Metabolic Regulation
The liver regulates:
- Composition of circulating blood
- Nutrient metabolism
- Storage of nutrients
- Drug inactivation.
The Gallbladder
Overview
A hollow, pear-shaped muscular sac that stores and concentrates bile prior to secretion into the small intestine.
Regions include:
- Fundus
- Body
- Neck
Cystic Duct
Connects the gallbladder to the common hepatic duct, forming the common bile duct.
Physiology
Stores bile but only releases it into the duodenum via stimulation from the intestinal hormone cholecystokinin (CCK). When the gallbladder is full, it contains approximately 40–70 mL of bile, which becomes concentrated as water is absorbed.
Coordination of Secretion and Absorption
Hormones of Duodenal Enteroendocrine Cells
These hormones coordinate digestive functions and include:
- Gastrin: Secreted by G cells when exposed to incompletely digested proteins; promotes stomach motility and acid/enzyme production.
- Secretin: Released when chyme arrives in duodenum; increases secretion of bile and buffers by the liver and pancreas.
- Gastric Inhibitory Peptide (GIP): Secreted when fats and carbohydrates enter the small intestine.
- Cholecystokinin (CCK): Secreted when chyme contains lipids and partially digested proteins; accelerates pancreatic enzyme secretion and relaxes the hepatopancreatic sphincter and gallbladder, ejecting bile and pancreatic juice into the duodenum.
Intestinal Absorption
Takes about 5 hours for materials to pass from the duodenum to the end of the ileum, with mucosal movements enhancing absorptive effectiveness by stirring and mixing intestinal contents, constantly changing the environment around the epithelial cells.
The Large Intestine
Overview
The large intestine is horseshoe-shaped, extending from the end of the ileum to the anus, situated inferiorly to the stomach and liver, framing the small intestine. It measures about 4.9 ft long and 3 in wide.
Functions
Key functions include:
- Reabsorption of water.
- Compaction of intestinal contents into feces.
- Absorption of important vitamins produced by bacteria.
- Temporary storage of fecal materials before defecation.
Parts of the Large Intestine
Cecum: The expanded pouch receiving material from the ileum, storing material and beginning compaction.
Appendix: A lymphoid organ also known as the vermiform appendix, about 3.6 in long, connected to the cecum via mesoappendix.
Colon: The largest portion, with a larger diameter and thinner wall than the small intestine, forming a series of pouches (haustra) and possessing three longitudinal bands of smooth muscle (taeniae coli).

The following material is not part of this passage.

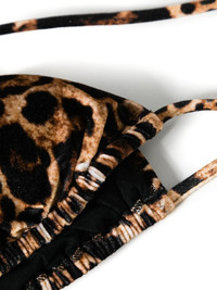leopard-print velour bikini top Highlights - Animalier brown/black/white - Stretch-design - Velour - Leopard print - Triangle cup - Halterneck - Rear tie fastening - Full lining - Be mindful to try on swimwear over your own garments. Made in Italy Composition Outer: Polyamide 85%, Elastane 15% Lining: Polyamide 82%, Elastane 18%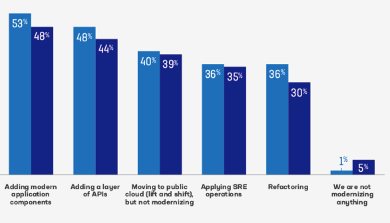 然而,當金融產業在數位化轉型的道路上競速時,他們當中許多還在與傳統的 IT 流程戰鬥,這些流程在速度與靈活性上仍然無法跟上步伐。重大的變革需要採行現代化方法,從 API 到現今的微服務、新用戶介面等組件,今年的調查中更發現,超過三分之一的金融服務受訪者已經採用網站可靠性工程 (SRE) 實踐,來處理基礎架構與作業問題,以提高現代應用程式和組件的開發與部署的速度、自動化和敏捷性,以管理當今分佈式架構中的遙測、資料和應用程式安全性和交付技術。

Rectum: Last 15 cm (6 in) of digestive tract; expandable for temporary storage of feces. The movement of feces triggers the urge to defecate.
Appendages and Structure of the Colon
The colon consists of the following regions:
1. Ascending Colon: Begins at the superior border of the cecum, ascending alongside the right side of the abdomen to the right colic flexure.
2. Transverse Colon: Crosses the abdomen from right to left, turns at the left colic flexure.
3. Descending Colon: Proceeds inferiorly along the left side; retroperitoneal and firmly attached to the abdominal wall.
4. Sigmoid Colon: An S-shaped section about 15 cm (6 in) long, starting at the sigmoid flexure and leading into the rectum.
Blood Supply of the Large Intestine
Receives blood from tributaries of the:
- Superior mesenteric artery
- Inferior mesenteric arteryVenous blood is collected in tributaries of the:
- Superior mesenteric vein
- Inferior mesenteric vein.
Rectal and Anal Anatomy
The rectum forms the last 6 in. of the digestive tract with:
- The Anal Canal: Final section containing longitudinal folds called anal columns.
- Anus: Exit point of the anal canal with keratinized epidermis similar to skin.Anal Sphincters:
- Internal Anal Sphincter: Circular muscle layer of muscularis externa; smooth muscle, not volitional.
- External Anal Sphincter: Encircles the distal portion of the anal canal; skeletal muscle fibers under voluntary control.
Vitamins Produced in the Large Intestine
Important vitamins synthesized include:
- Vitamin K (fat soluble): Essential for synthesizing clotting factors like prothrombin.
- Biotin (water soluble): Important for glucose metabolism.
- Vitamin B5 (pantothenic acid, water soluble): Required for steroid hormone and neurotransmitter manufacture.